## The task
What is needed is a faithful transcription of all the data below, pictures excluded.

## Information shown
==================================================

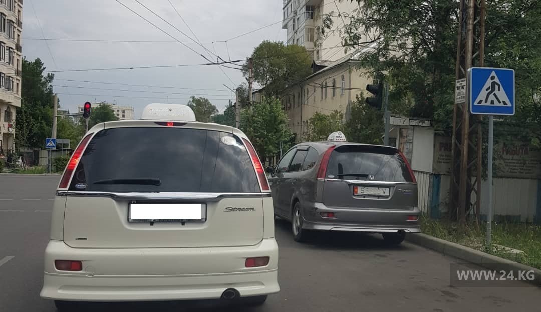 На перекрестке улиц Боконбаева и Тыныстанова такси перекрыло одну полосу. «Образовалась пробка на ровном месте, потому что машины, которые поворачивают на Боконбаева, должны пропускать идущие прямо машины. Нарушитель сидел и наблюдал за этим», — написал читатель.
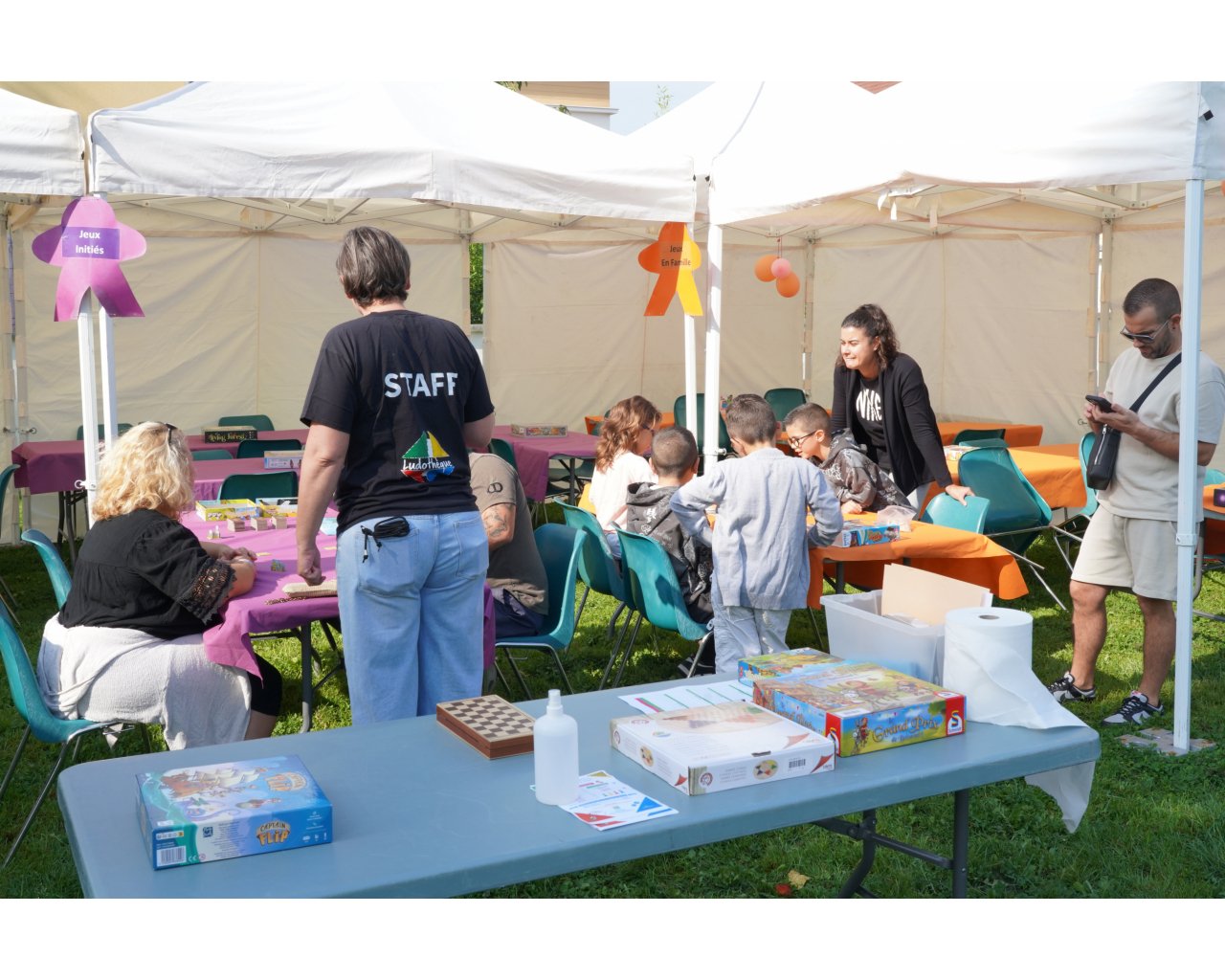 Jeux d'ambiance, de stratégie, de réflexion, stand maternelle, espace petite enfance, découvertes de jeux, structures gonflables, stand de restauration, stand jeux en bois géants, revendeur de jeu « JEU'MANJI ».
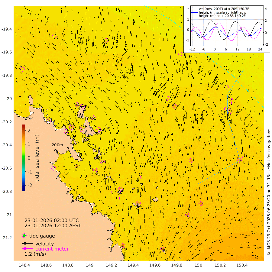 20cm/s -177T +10cm/s rms + 2cm/s 5T. Brampton I 18m 33cm/s 168T +9cm/s rms + 6cm/s 66T. Wigton I 38m 2cm/s 122T +7cm/s rms + 8cm/s 141T. Tern I 47m 29cm/s -177T +7cm/s rms + 12cm/s 54T. N Bugatti Rf 64m 38cm/s -154T +3cm/s rms + 13cm/s 178T. W Bugatti Rf 70m 19cm/s 167T +3cm/s rms + 3cm/s -130T. Creal Rf 69m 92cm Holbourne I 150cm Tern I 99cm Bugatti Rf 117cm Creal Rf 89cm White Tip I 87cm Wallaby Reef 85cm Kennedy Reef 87cm Unnamed Reef No. 2 98cm Tideway Reef 107cm Hayman Island 123cm Square Reef 98cm Double Bay 112cm Molle Island 113cm Cid Harbour 98cm Hook Island 98cm Border Island 107cm Haslewood Island 107cm Shute Harbour 116cm Thomas Island 138cm Credlin Reef 130cm East Repulse Island 125cm Blacksmith Island 120cm Laguna Quays 139cm Carlisle Island (Off) 142cm St. Bees Island 131cm Scawfell Island 159cm Penrith Island 148cm Mackay Outer Harbour 160cm Hay Point 159cm Prudhoe Island
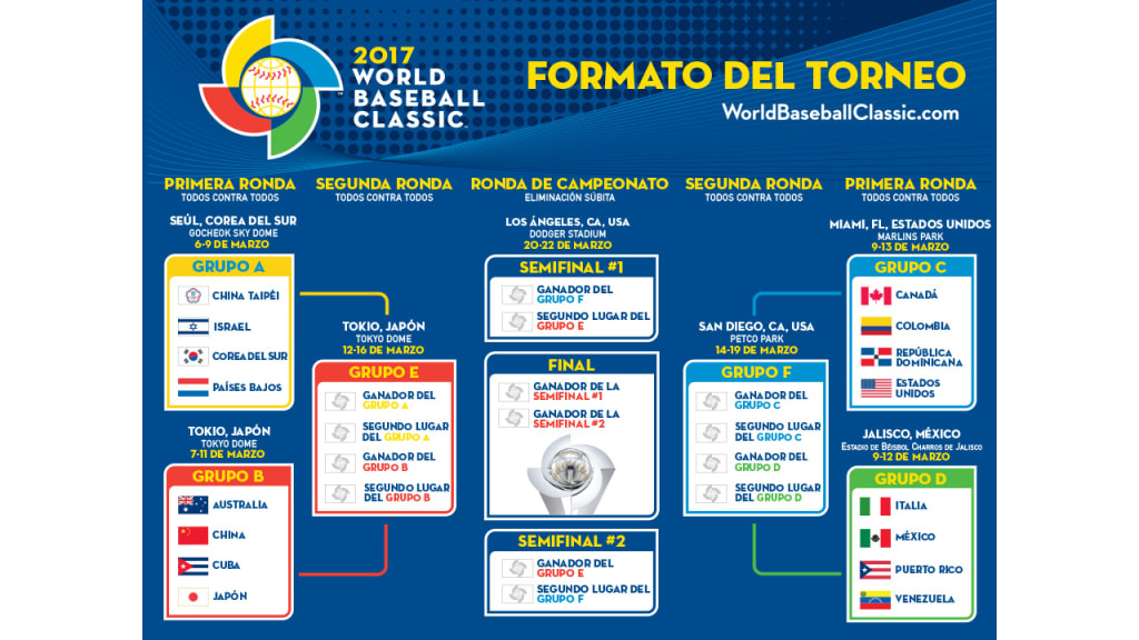 La primera ronda se disputará en formato todos contra todos y los dos primeros avanzarán a la segunda fase de grupos. La final será el 22 de marzo en el Dodger Stadium de Los Ángeles.

==================================================

## Solution to the problem
 На перекрестке улиц Боконбаева и Тыныстанова такси перекрыло одну полосу. «Образовалась пробка на ровном месте, потому что машины, которые поворачивают на Боконбаева, должны пропускать идущие прямо машины. Нарушитель сидел и наблюдал за этим», — написал читатель.
 Jeux d'ambiance, de stratégie, de réflexion, stand maternelle, espace petite enfance, découvertes de jeux, structures gonflables, stand de restauration, stand jeux en bois géants, revendeur de jeu « JEU'MANJI ».
 20cm/s -177T +10cm/s rms + 2cm/s 5T. Brampton I 18m 33cm/s 168T +9cm/s rms + 6cm/s 66T. Wigton I 38m 2cm/s 122T +7cm/s rms + 8cm/s 141T. Tern I 47m 29cm/s -177T +7cm/s rms + 12cm/s 54T. N Bugatti Rf 64m 38cm/s -154T +3cm/s rms + 13cm/s 178T. W Bugatti Rf 70m 19cm/s 167T +3cm/s rms + 3cm/s -130T. Creal Rf 69m 92cm Holbourne I 150cm Tern I 99cm Bugatti Rf 117cm Creal Rf 89cm White Tip I 87cm Wallaby Reef 85cm Kennedy Reef 87cm Unnamed Reef No. 2 98cm Tideway Reef 107cm Hayman Island 123cm Square Reef 98cm Double Bay 112cm Molle Island 113cm Cid Harbour 98cm Hook Island 98cm Border Island 107cm Haslewood Island 107cm Shute Harbour 116cm Thomas Island 138cm Credlin Reef 130cm East Repulse Island 125cm Blacksmith Island 120cm Laguna Quays 139cm Carlisle Island (Off) 142cm St. Bees Island 131cm Scawfell Island 159cm Penrith Island 148cm Mackay Outer Harbour 160cm Hay Point 159cm Prudhoe Island
 La primera ronda se disputará en formato todos contra todos y los dos primeros avanzarán a la segunda fase de grupos. La final será el 22 de marzo en el Dodger Stadium de Los Ángeles.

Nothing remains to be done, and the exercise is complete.